I due esempi citati mostrano uno sbandamento nelle fila della politica, col risultato che si scaricano finalità di “difesa sociale” tout court sui servizi di salute mentale, tenuti in posizione ancillare rispetto alle esigenze dell’amministrazione penitenziaria. E non va ignorato il peso delle culture di quella parte della psichiatria accademica e forense che ignora le acquisizioni dell’assistenza psichiatrica “civile” che ha mostrato la nocività del regime manicomiale.
C’è quindi bisogno di grande passione civile e politica perché il nodo di dolore e violenza riscoperto e riportato alla luce dall’indagine della Commissione Marino sia sciolto. Il passaggio è aspro per il peso degli interessi e delle culture che gravitano intorno all’istituto dell’opg, per il consenso che lo circonda e contiene: per più di un secolo intorno all’opg si è venuto costituendo un consistente intreccio di interazioni, prassi, carriere professionali fra Amministrazione penitenziaria, Magistratura inquirente e giudicante, psichiatria forense, avvocatura, servizi di assistenza psichiatrica pubblica. E mentre resta difficile l’integrazione dell’assistenza sanitaria ai detenuti e agli internati nella rete dei servizi territoriali, appaiono di portata modesta gli obiettivi del Piano sanitario nazionale 2012 in materia di sanità penitenziaria e salute mentale[3].
Mantova, 30 maggio 2012
[1] Gianfranco Rivellini (Sole 24 ore Sanità 15-21 maggio 2012) ha individuato nella bozza l’indicazione di una gerarchia fra le nuove strutture con gradi diversi di controllo, per gravità di reato, per rischio di recidiva: strutture a massima protezione collocate dentro gli istituti penitenziari; strutture a media protezione con attività perimetrale di sicurezza e strutture a minima sicurezza.

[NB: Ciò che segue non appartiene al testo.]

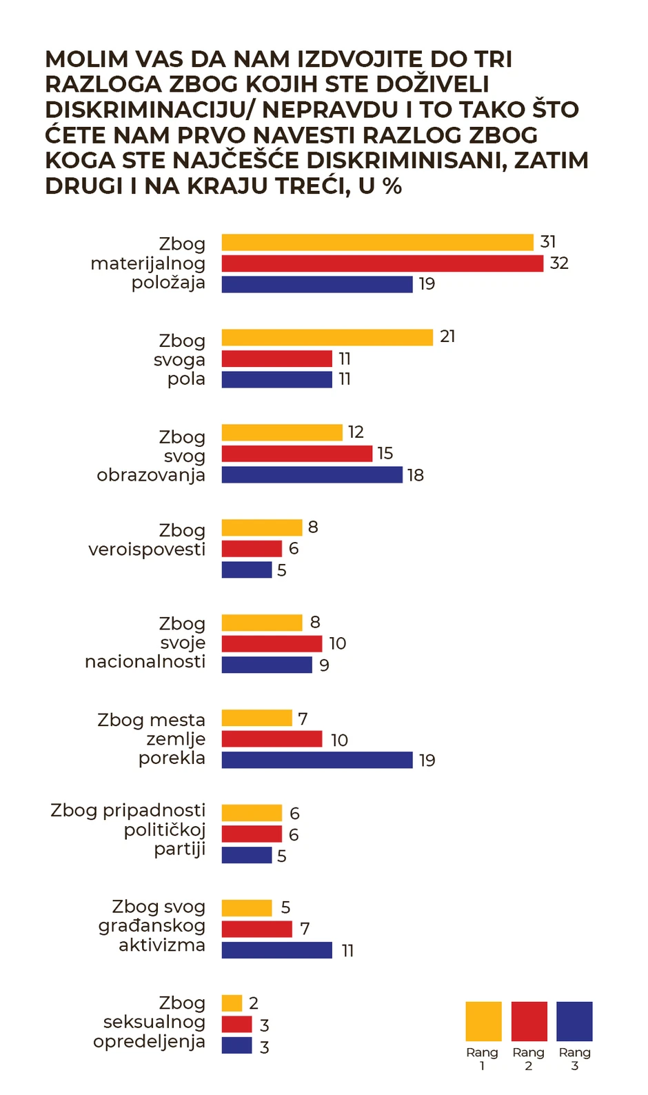 Najčešći razlog zbog koga su ispitanici bili diskriminisani je njihov materijalni položaj. Polovina mladih nije imala negativna iskustva sa osobama koje su druge vere, nacionalnosti ili seksualne orijentacije. Među 6% ispitanika koji su imali neko negativno iskustvo, 4% je takvo iskustvo imalo sa pripadnicima druge nacionalnosti, a po 1% jeste je to doživelo sa pripadnicima druge vere i neke druge seksualne orijentacije.

[2] Contro il testo Ciccioli hanno preso posizione gli psichiatri emiliani affermando che “oltre trent’anni di psichiatria territoriale hanno sviluppato un consenso rispetto al fatto che l’uso degli strumenti direttivi ed obbligatori di per sé non produce salute e può avere pesanti conseguenze in termini di allontanamento dai processi di cura, di passivizzazione e cronicizzazione. C’è semmai bisogno di proseguire nel percorso di informazione, coinvolgimento, negoziazione trasparente col paziente e con il suo contesto”.
[3] Gli obiettivi di Psn 2012 per la sanità penitenziaria prevedono progetti per i problemi psicologici, clinici, sociali complessi e particolari dei detenuti, sviluppando le rilevazioni epidemiologiche e l’attenzione alla popolazione immigrata detenuta. Un capitolo è dedicato alla tutela delle detenute e della loro prole. Le aree di intervento per la salute mentale riguardano gli interventi precoci sugli esordi delle psicosi, la presa in carico dei disturbi mentali in età evolutiva (soprattutto adolescenti) e dei disturbi mentali nella persona anziana, la progettazione di interventi terapeutico-riabilitativi integrati.